Statistica A e B
STATISTICA
Prof. Aldo Goia (corso A)
Prof. Enea Giuseppe Bongiorno (corso B)
Codice Insegnamento: EA007
SSD Insegnamento: SECS-S/01
8 CFU – 64 ore
Sede: Novara
- Lingua insegnamento
Italian
- Contenuti
Presentation of statistical methodology for the analysis of one-dimensional and two-dimensional data. Introduction to probability theory and to sample statistics with special attention to inference for large samples.
- Testi di riferimento
Lecture notes and exercises are available in the web page of the course at the URL: https://eco.dir.unipmn.it/
- Obiettivi formativi
The goal of the course is to introduce some basic techniques of univariate and bivariate data analysis and some elements of inferential statistics.
- Prerequisiti
Basic elements of mathematics and calculus.
- Metodi didattici
Lectures and exercises.
- Altre informazioni
Some on-line supports are available on the web page of the course.

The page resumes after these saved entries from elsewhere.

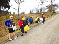↑ 6年生との登校もあと14日になってしまいました。今朝の笠野は穏やかで、低いところに朝もやがかかっています。幻想的な光景です。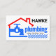 Cover features a home building frame that is leaking water from the faucet. Card details are over on the right with your prestigious name at the top followed by the business name "plumbing" in blue and a slogan caption option; Change the captions to these items to suit your own service needs. Overleaf, at the top is the blue faucet logo you can use followed by your prestigious name and the contact details.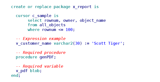 PL/PDF Reporting Data Model is a simple solution to implement the report related data sources and variables. The user creates the report data model manually as the report package header and PL/PDF Report Processor creates the report runtime as the package body. Typically the Data Model contains PL/SQL cursor definitions and GROUP control references in the template.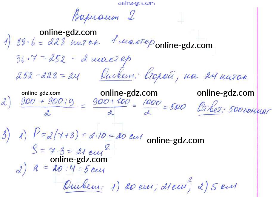 Готовые домашние задания по Математике за 2, 3, 4 класс Контрольные работы Волкова Школа России 2017 - Итоговая контрольная работы за 2 четверть. Контрольная работа 2 4 Класс Вариант 2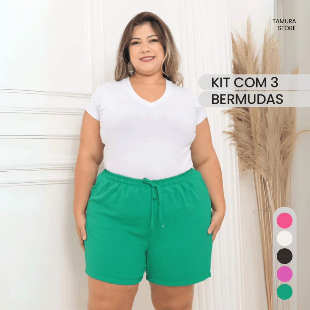 Kit 3 Bermuda Shorts Feminino Duna Confortável Saída Praia Plus Tecido Leve Preto Bege Verde

- Modalità di verifica dell’apprendimento
A compulsory written proof and an optional oral test.
- Programma esteso
Part I – Univariate descriptive statistics
The population and the variables.Frequency distributions and graphics. Analysis of quantitative variables: the cumulative distribution functions and the quantiles. Measures of the central tendency and variability. Measures of shape. Analysis of qualitative variables: the heterogeneity.
Part II – Bivariate descriptive statistics
The joint distributions and the conditional distributions. The study of the dependence. The Chi square index. The correlation and the decomposition of variance. The linear correlation and the covariance. The linear regression. The OLS method. Goodness of fit.
Part III – Elements of Probability and Inference
The random experiments and the probability space. Probability measure on finite sample spaces. Conditional probability and independence. The random variables. Moments. Some useful probability distributions. Linear combination of random variables. The populations and the samples. Asymptotic statistics: consistency, the Central Limit Theorem and the plug-in principle. The point estimation and the asymptotic confidence intervals for mean, proportion, variance and regression coefficient. Introducing hypothesis testing.